THIS IS THE CONCLUSION of the bedroom floor mod

I bought a nice offcut of Wilton for £40 it will do the bedroom and cab. This is a quality fully woven back carpet.
Bedroom finished.


----------



## Carl_n_Flo

That's a bloody smart job of carpet laying there Andy!!!!

Dont want to come and re-do ours do you? :lol: 

Like the idea with the beer crate too!!!!


----------



## Techno100

:lol: NO

That's two beer crates, unfortunately can't get two halves out of one.
Courtesy of Globus hypermarket at Zell


----------



## Techno100

*The bog with cushion floor*

We bought a 3x3 metre off cut of quality embossed cushion floor for £80 this will do the bathroom at home with enough over to do the van three times


----------



## pomme1

Superb job Andy but dire taste in beer!


----------



## JockandRita

> pomme1 posted.......Superb job Andy but dire taste in beer!


:lol:

He has recently taken a liking to Weissbier, but drank all that before finishing his beer storage project. :wink:

Cheers,

Jock.


----------



## Techno100

In the crates there is Leffe Blond Erdinger and hoegarrden besides becks for wifey :lol: So what is good taste?


----------



## pomme1

Apologies Andy I've just noticed the differing bottles. I'd go with the Leffe and I suppose you could always use the Becks for flushing out the waste tank.


----------



## Techno100

*Lounge fitted carpet*

Having done the bedroom and toilet it only left the lounge to finish the project.
This is how the original looked with a crappy piece of wood inlaid between habitation and cab floor, this always gave underfoot due to lack of support.








So the first job was to strip this out completely and add a batten to support the infill.
Here without support








Here with batten fitted








Then with infill securely refitted I lined the rest of the floor with 3.6mm ply which made everything the same level.








I then took a considerable amount of time making a template from old wallpaper to mark out the new carpet exactly.
Here fitted with trim on step edge and between lounge and cab.
























I had to take 8mm off the bottom of the plastic pillar trims


----------



## jiwawa

Techno, you're an example to us all.
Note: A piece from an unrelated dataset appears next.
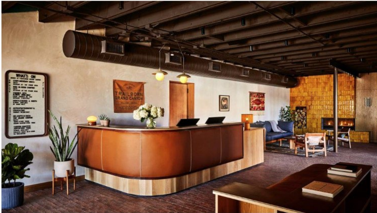
Checking in at the Trailborn Grand Canyon.

This is not just a town filled with vintage diners, old school bars and delightfully cheesy gift shops with Elvis fortune-telling machines and cowboy gear. There is also a good dose of newer businesses from breweries and a wine tasting room to the Canyon Coaster Adventure Park right next door to the hotel. It all makes for an enticing road trip combo. Williams is a 2.5 hour drive from Phoenix, a 30-minute drive from Flagstaff and a 3 hour drive from Las Vegas.
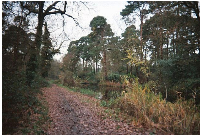
Figure 22: Beware of paths

The canal towpath, while appealing for walks (despite the occasional rat) also could be a place to avoid at night:

It's looking great!


----------



## ThePrisoner

I do follow this thread without making comment but I have to say that is an absolutely beautiful job. Good on you.


----------



## hogan

Thanks to Techno 100 and Kev n Liz I have just fitted my locking electrical plugs..
Simple job when you know how.


----------



## Techno100

hogan said:


> Thanks to Techno 100 and Kev n Liz I have just fitted my locking electrical plugs..
> Simple job when you know how.


An other option too
http://www.ebay.co.uk/itm/361032438083?_trksid=p2059210.m2749.l2649&ssPageName=STRK:MEBIDX:IT

This has potential too
http://www.ebay.co.uk/itm/12V-Water...96?pt=UK_Motorcycle_Parts&hash=item5b04c3df58

OR
http://www.ebay.co.uk/itm/12V-Water...41?pt=UK_Motorcycle_Parts&hash=item4d2085b2b5


----------



## Camdoon

Wow. As someone who is on the forum on a regular basis this thread is quite an eye opener as I have only come to it in the last couple of days because I am buying a Rapido. It is quite amusing reading through it how every 20/30 pages someone advises you to buy a new one  and gets short shrift. 
Grateful if you could clarify the following:
Why are you installing locking 12v points? I can understand it on a motorbike but...
Why did you put feet to support your awning on the van? I believe the Germans do this so they are not camping but ...
Like you, I have the generic MHF MPPT controller and believed that the six cable points were for +- in, +-out, leaving the last 2 as overflow. You explained this was not so but I still do not understand what the last two are for if not. Can you explain what they are for ( I think you did before but maybe I need words of one syllable ) ?
Congrats on your work. It looks to have inspired many.


----------



## DonA

Another great job :thumbup: should be alot cosier during the winter months, don't know about you but I find the cab area to be the most drafty :coldcold:


----------



## Techno100

I'n not inclined to re cap on questions that have been answered within the 99 pages. Awning legs are ok on the ground but what about concrete and tarmac?
I am a little dismayed that having read 99 pages you never thought any of it worthy of the like or thanks tabs.


----------



## jiwawa

Techno - please be aware that for those of us who use the mobile version of the site, Thanks and any other frills are not available. So the fact that we don't is no reflection on our appreciation. 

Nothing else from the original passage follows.